#### Your assignment
Gather each line of the entries below that includes "Wind".

#### Records for this task
#####

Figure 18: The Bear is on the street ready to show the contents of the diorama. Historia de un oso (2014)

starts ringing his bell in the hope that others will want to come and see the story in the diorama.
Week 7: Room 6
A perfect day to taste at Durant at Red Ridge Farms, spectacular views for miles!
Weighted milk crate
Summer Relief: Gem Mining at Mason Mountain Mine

#####

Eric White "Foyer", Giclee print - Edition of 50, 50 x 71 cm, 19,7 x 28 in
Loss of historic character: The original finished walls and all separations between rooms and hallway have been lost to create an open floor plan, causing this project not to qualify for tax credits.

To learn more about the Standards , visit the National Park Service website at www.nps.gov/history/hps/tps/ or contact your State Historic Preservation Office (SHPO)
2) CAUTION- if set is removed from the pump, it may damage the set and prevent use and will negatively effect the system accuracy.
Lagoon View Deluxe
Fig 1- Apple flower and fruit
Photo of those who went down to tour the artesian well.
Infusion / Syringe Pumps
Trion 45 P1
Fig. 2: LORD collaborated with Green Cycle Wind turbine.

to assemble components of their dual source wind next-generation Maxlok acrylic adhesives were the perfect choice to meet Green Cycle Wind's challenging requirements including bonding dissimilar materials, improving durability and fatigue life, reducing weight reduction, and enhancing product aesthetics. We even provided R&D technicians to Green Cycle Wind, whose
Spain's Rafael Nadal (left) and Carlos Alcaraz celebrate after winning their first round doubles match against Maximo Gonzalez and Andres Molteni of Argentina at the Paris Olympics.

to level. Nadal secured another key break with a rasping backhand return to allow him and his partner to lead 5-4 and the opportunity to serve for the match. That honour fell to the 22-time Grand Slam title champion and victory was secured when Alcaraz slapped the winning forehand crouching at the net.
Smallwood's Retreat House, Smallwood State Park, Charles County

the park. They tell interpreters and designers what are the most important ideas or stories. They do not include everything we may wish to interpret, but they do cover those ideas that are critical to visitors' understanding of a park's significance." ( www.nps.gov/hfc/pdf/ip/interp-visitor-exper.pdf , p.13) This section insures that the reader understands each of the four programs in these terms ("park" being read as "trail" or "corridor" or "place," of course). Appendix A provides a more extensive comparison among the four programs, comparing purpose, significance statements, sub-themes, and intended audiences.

#####

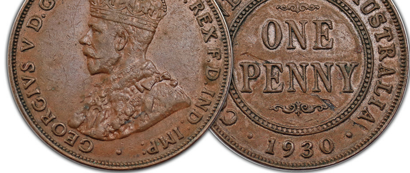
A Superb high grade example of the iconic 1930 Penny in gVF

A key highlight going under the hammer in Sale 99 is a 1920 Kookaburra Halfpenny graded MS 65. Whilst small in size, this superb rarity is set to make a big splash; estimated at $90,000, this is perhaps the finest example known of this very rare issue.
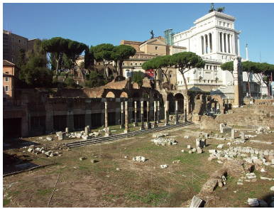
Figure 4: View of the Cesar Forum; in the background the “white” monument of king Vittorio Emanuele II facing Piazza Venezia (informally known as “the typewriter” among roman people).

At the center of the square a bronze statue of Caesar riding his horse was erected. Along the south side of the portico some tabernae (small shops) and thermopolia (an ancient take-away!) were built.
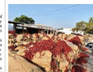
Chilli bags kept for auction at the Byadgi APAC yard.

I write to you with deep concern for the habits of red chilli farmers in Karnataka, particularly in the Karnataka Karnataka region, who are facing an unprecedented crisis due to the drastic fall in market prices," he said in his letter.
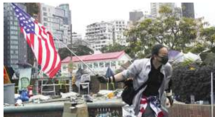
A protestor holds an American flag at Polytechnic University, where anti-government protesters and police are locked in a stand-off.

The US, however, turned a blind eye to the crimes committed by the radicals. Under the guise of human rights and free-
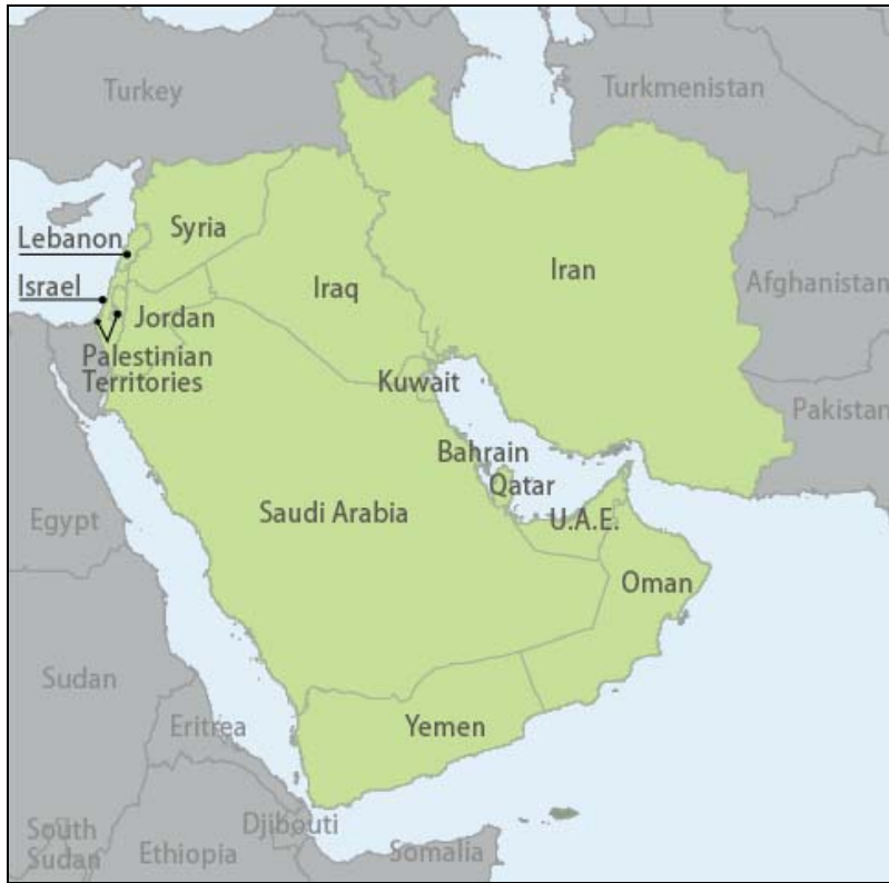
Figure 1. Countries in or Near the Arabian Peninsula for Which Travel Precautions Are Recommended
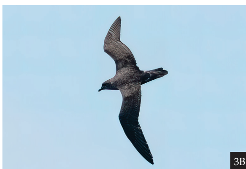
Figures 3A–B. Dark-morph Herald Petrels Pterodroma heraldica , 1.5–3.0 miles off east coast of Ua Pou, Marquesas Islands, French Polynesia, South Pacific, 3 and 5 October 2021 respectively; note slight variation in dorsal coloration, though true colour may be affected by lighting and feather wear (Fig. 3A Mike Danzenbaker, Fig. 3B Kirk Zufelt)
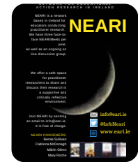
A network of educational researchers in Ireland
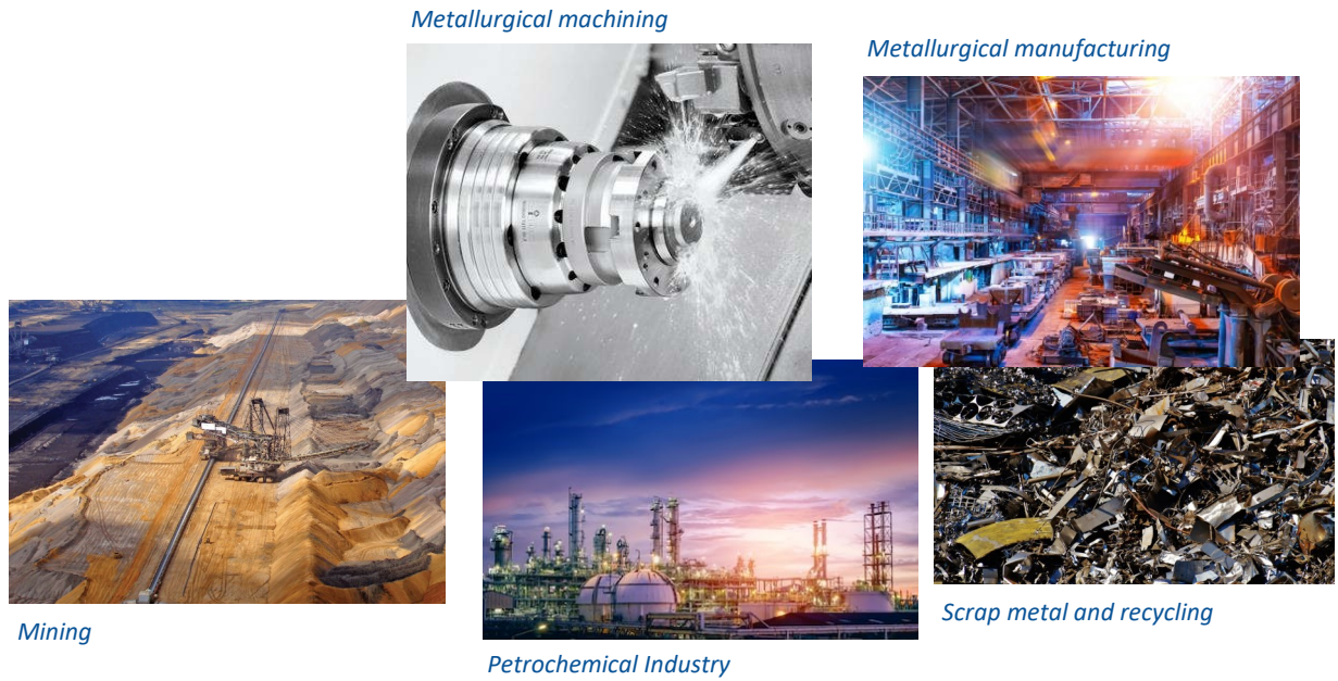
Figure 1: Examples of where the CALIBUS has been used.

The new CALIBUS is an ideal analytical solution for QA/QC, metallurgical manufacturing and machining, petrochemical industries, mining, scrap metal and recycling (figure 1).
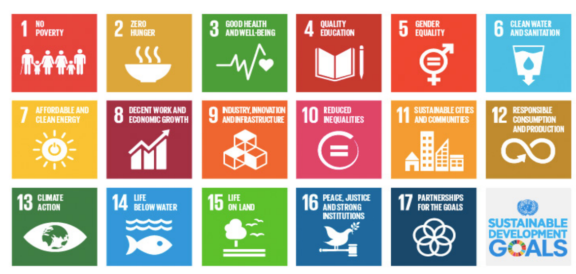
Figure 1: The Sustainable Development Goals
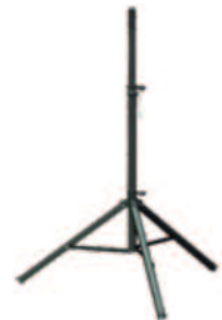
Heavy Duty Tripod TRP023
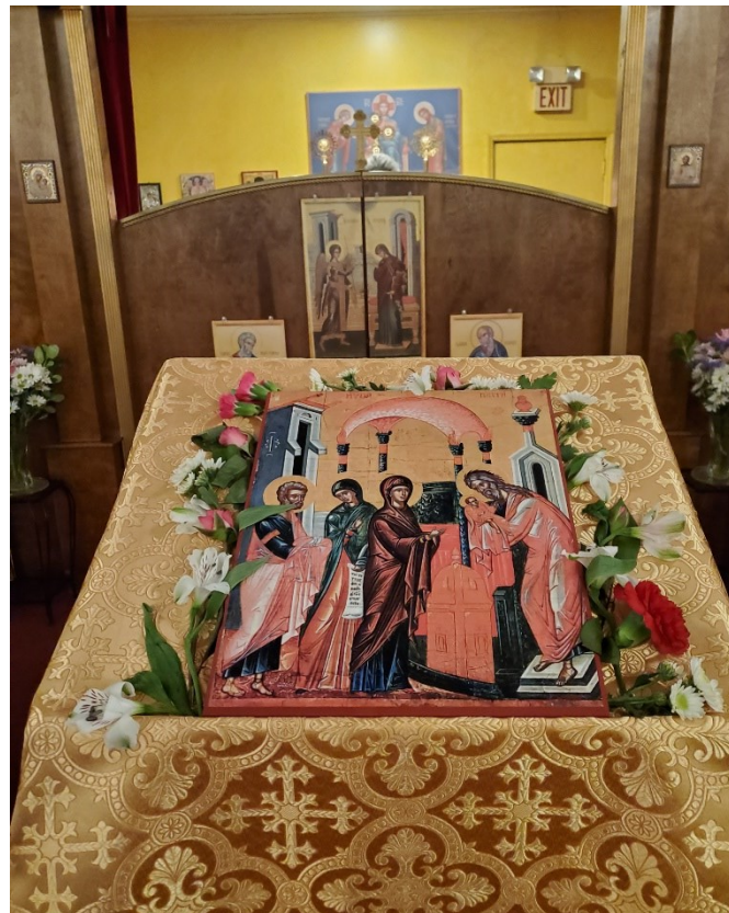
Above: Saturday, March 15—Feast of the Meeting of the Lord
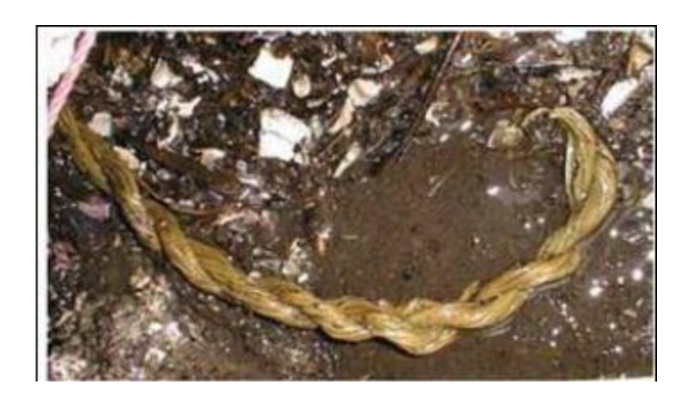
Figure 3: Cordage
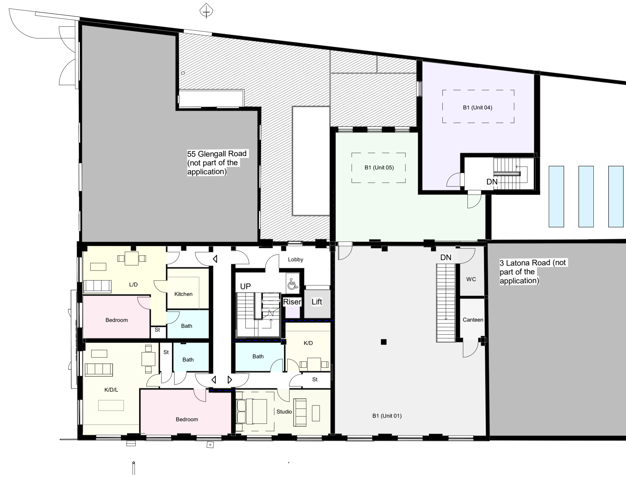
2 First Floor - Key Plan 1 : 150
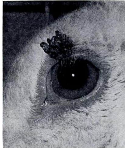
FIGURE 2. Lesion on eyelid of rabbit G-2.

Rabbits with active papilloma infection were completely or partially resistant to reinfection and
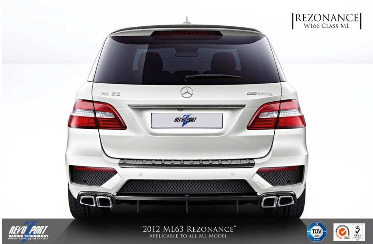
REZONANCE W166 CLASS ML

#####

#### Solution to this exercise
Fig. 2: LORD collaborated with Green Cycle Wind turbine.
to assemble components of their dual source wind next-generation Maxlok acrylic adhesives were the perfect choice to meet Green Cycle Wind's challenging requirements including bonding dissimilar materials, improving durability and fatigue life, reducing weight reduction, and enhancing product aesthetics. We even provided R&D technicians to Green Cycle Wind, whose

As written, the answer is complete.